Listed entries START

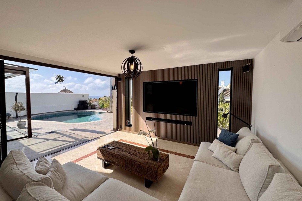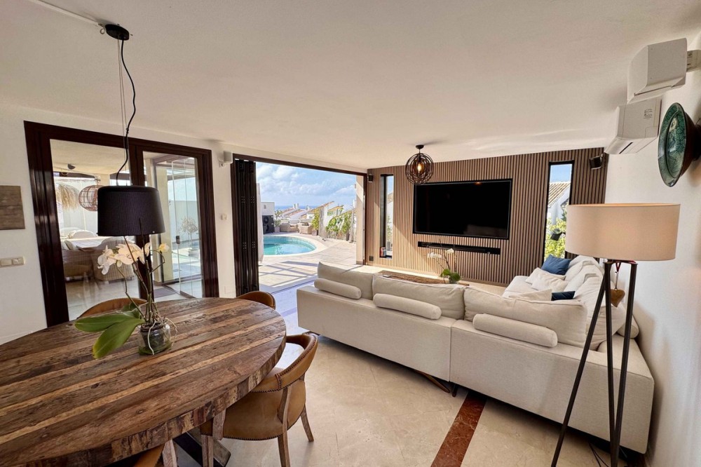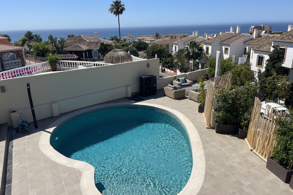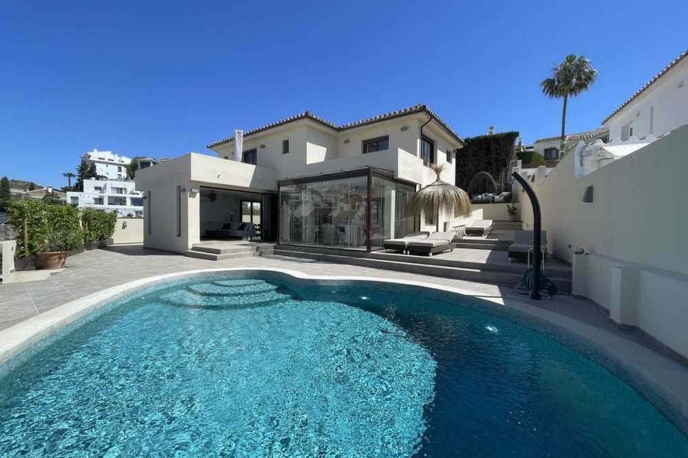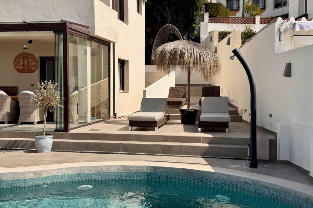 - Introducing an exceptional detached villa in Riviera del Sol—a prime opportunity to secure a luxury home in one of the Costa del Sol’s most sought-after coastal locations, just a short walk from the beach, restaurants, and everyday amenities. This beautifully renovated property offers four generous bedrooms, four stylish bathrooms, and a separate self-contained apartment—ideal for guests, extended family, or rental income potential. Finished to an impeccable standard, the villa features marble flooring, air conditioning, double glazing, underfloor heating, and an integrated Sonos sound system, delivering both comfort and sophistication throughout. The main living area is bright, open, and designed for modern living, with expansive windows and folding glass doors that create a seamless indoor-outdoor experience. The southwest orientation ensures all-day sun, enhancing both the interior ambiance and the outdoor lifestyle. A glass-curtained terrace provides a versatile year-round entertaining space. The high-spec kitchen is fully equipped with premium appliances and flows effortlessly into the dining area—perfect for hosting and social occasions. A guest bedroom and contemporary bathroom on this level add flexibility and convenience. Upstairs, the bedrooms are spacious and elegantly finished, each with luxurious en-suite bathrooms. The master suite and second bedroom enjoy private terraces with attractive views towards the Mediterranean—ideal for relaxing or entertaining. Outside, the property truly shines. A heated swimming pool, dedicated BBQ area, and expansive terraces create the perfect setting for outdoor living. The landscaped garden, complete with mature orange, lemon, and avocado trees, adds a unique Mediterranean charm. Combining location, quality, and lifestyle appeal, this villa represents an outstanding investment—whether as a full-time residence, high-end holiday home, or premium rental property on the Costa del Sol.
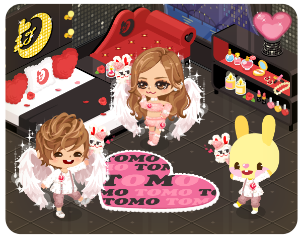 板野友美さんの世界観を再現したアバターやファッション、黒を基調に赤やピンクのハートをモチーフにした家具などのインテリアのルームとなっています。
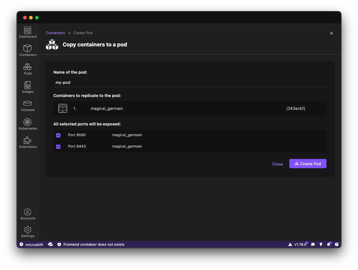 minc/nginx:hello-worldimage listed, as shown in Figure 2.Deploy to Kubernetes: Now you can start a container from this image and then create a pod from Podman Desktop by selecting the container and clicking Create Pod (Figures 3 and 4). Open the Pod and click Deploy to Kubernetes (Figure 5). This deploys the pod to the MicroShift container (Figure 6).
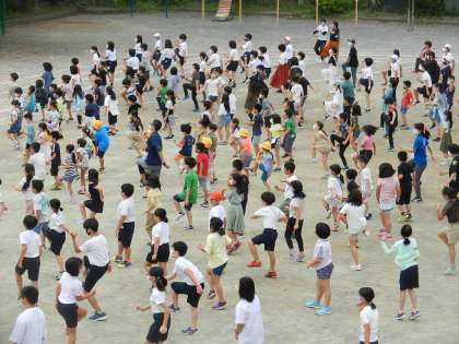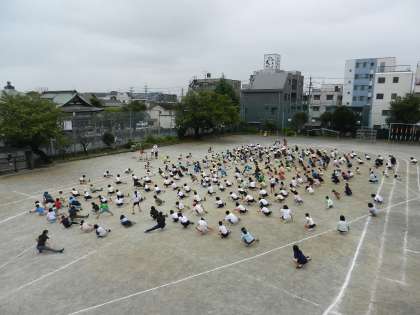 第二小学校の運動会では毎回、二小ストレッチを行っています。
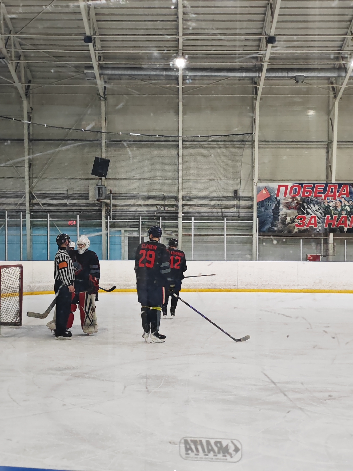 The image depicts a hockey rink in Saint Petersburg, Russia. Four figures are visible on the ice. A referee in a striped uniform stands conversing with a hockey goalie in protective gear. Two hockey players in black jerseys with red numbers (29 and 12) stand nearby, facing away from the camera. Player 29 has the name "SLANKIN" on his jersey, and player 12 has "ASHENCO". One of the players holds a hockey stick. The arena is indoors with a large poster of "ПОБЕДА ЗА НАМИ!" in the background, a Soviet WWII slogan. The ice is marked with an "ATIAK" logo. The rink has a metal grid on the walls and netting above the ice.
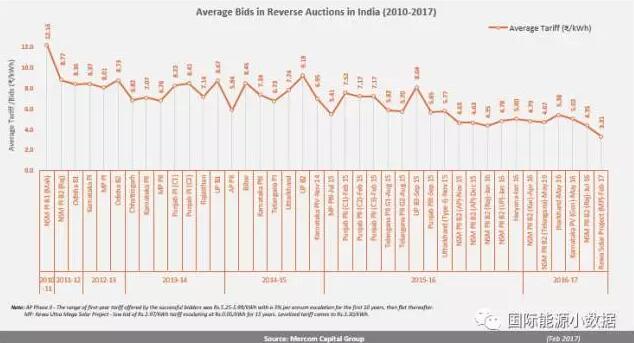 根據(jù)Mercom整理的數(shù)據(jù),2010年到2017年印度光伏項目競標報價下跌了73%。2010年10月份150兆瓦項目競標報價為12.16盧比(17美分)/千瓦時,到2016年1月已經(jīng)跌至4.35盧比(7美分)/千瓦時,而2017年最近一次競標的報價已經(jīng)低至2.44盧比(4美分)/千瓦時。

Listed entries END

- **Task to carry out**: Only the lines between the one containing "minc/nginx:hello-worldimage listed, as" and the last line of the listing above, both included, should be written out, exactly and without pictures.

- **Response area**:
 minc/nginx:hello-worldimage listed, as shown in Figure 2.Deploy to Kubernetes: Now you can start a container from this image and then create a pod from Podman Desktop by selecting the container and clicking Create Pod (Figures 3 and 4). Open the Pod and click Deploy to Kubernetes (Figure 5). This deploys the pod to the MicroShift container (Figure 6).
 第二小学校の運動会では毎回、二小ストレッチを行っています。
 The image depicts a hockey rink in Saint Petersburg, Russia. Four figures are visible on the ice. A referee in a striped uniform stands conversing with a hockey goalie in protective gear. Two hockey players in black jerseys with red numbers (29 and 12) stand nearby, facing away from the camera. Player 29 has the name "SLANKIN" on his jersey, and player 12 has "ASHENCO". One of the players holds a hockey stick. The arena is indoors with a large poster of "ПОБЕДА ЗА НАМИ!" in the background, a Soviet WWII slogan. The ice is marked with an "ATIAK" logo. The rink has a metal grid on the walls and netting above the ice.
 根據(jù)Mercom整理的數(shù)據(jù),2010年到2017年印度光伏項目競標報價下跌了73%。2010年10月份150兆瓦項目競標報價為12.16盧比(17美分)/千瓦時,到2016年1月已經(jīng)跌至4.35盧比(7美分)/千瓦時,而2017年最近一次競標的報價已經(jīng)低至2.44盧比(4美分)/千瓦時。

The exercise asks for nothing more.